A study, undertaken by a Zoological Survey of India (ZSI) researcher along with three other scientists from reputed global institutes, has sought to throw light on the origin and domestication of chicken over thousands of years. The study used the largest ever whole-genome sequencing dataset of a global sampling of both domestic chickens and jungle fowl (JF) species.
It was undertaken by Mukesh Thakur of ZSI in collaboration with three other senior scientists from different global institutes.
The collaborative study did DNA sequencing of 863 genomes from four species of the genus Gallus, five sub-species of Red Jungle Fowl and various domestic chicken breeds collected worldwide.
"We obtained and sequenced 142 red jungle fowls representing all five sub species, 12 Green jungle fowls, two Grey jungle fowls and four Ceylon jungle fowls," Thakur said in a note about the paper.

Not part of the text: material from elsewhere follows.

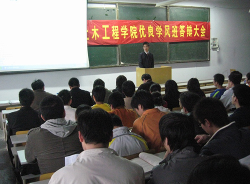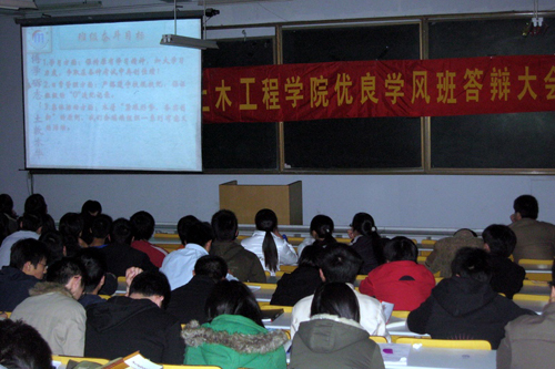 4月9日下午,土木工程学院2007~2008学年第1学期优良学风班答辩大会在1号教学楼200阶举行,为期一个月的优良学风班评选工作也就此接近尾声。

"... our data, for the first time, clearly demonstrates that all five red jungle fowl subspecies are genetically differentiated from each other approximately 50,000 years ago (much earlier than chicken domestication), generally corresponding to their geographic ranges and taxonomic classifications," he said.

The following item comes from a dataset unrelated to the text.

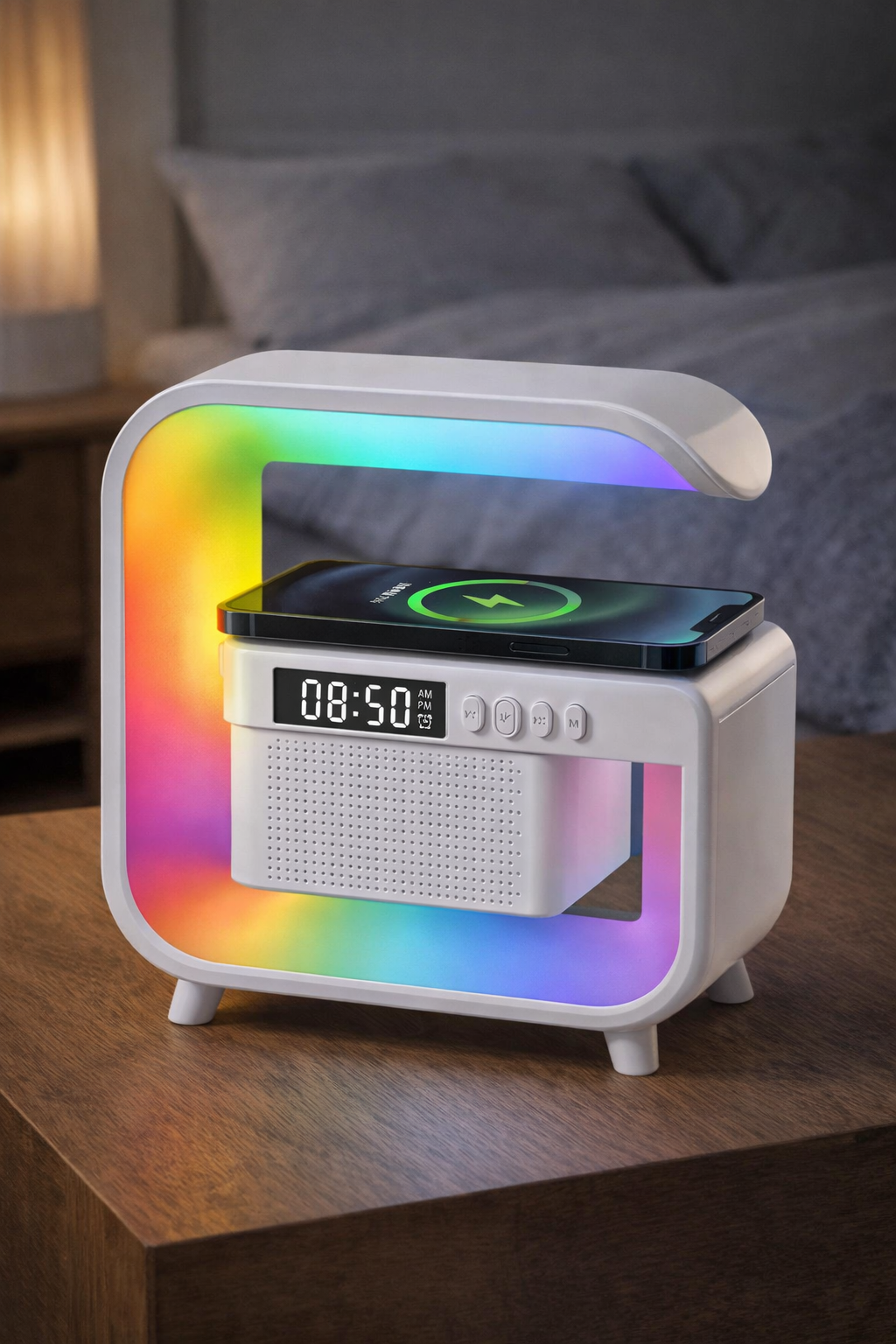 A napfelkelte-szimulációs fény segít kellemesen felébredni, az RGB hangulatvilágítás és a nyugtató hangok pedig hozzájárulnak a pihentető alváshoz. A tetején elhelyezett vezeték nélküli töltővel kényelmesen feltöltheted a telefonod éjszaka. Modern, letisztult kialakítása bármely hálószobában jól mutat.

"Our study provides novel insights into the evolutionary history of domestic chickens and a valuable resource to facilitate the ongoing genetic and functional investigations," Thakur said.
Domestic chickens initially came from the subspecies Red Jungle Fowl (RJF)- "Gallus gallus spadiceus" with the area centred on southwestern China, northern Thailand and Myanmar, the study said.
Thakur said in his note that the study showed that following their domestication, chickens were "trans-located across South-east and South Asia where they interbred with Red Jungle Fowl sub-species and other jungle fowl species."
"The results further reveal that domestic chickens undergo genetic adaptations that underlie their unique behavioural, morphological and reproductive traits, he said.
The findings were published in Cell Research, an international journal.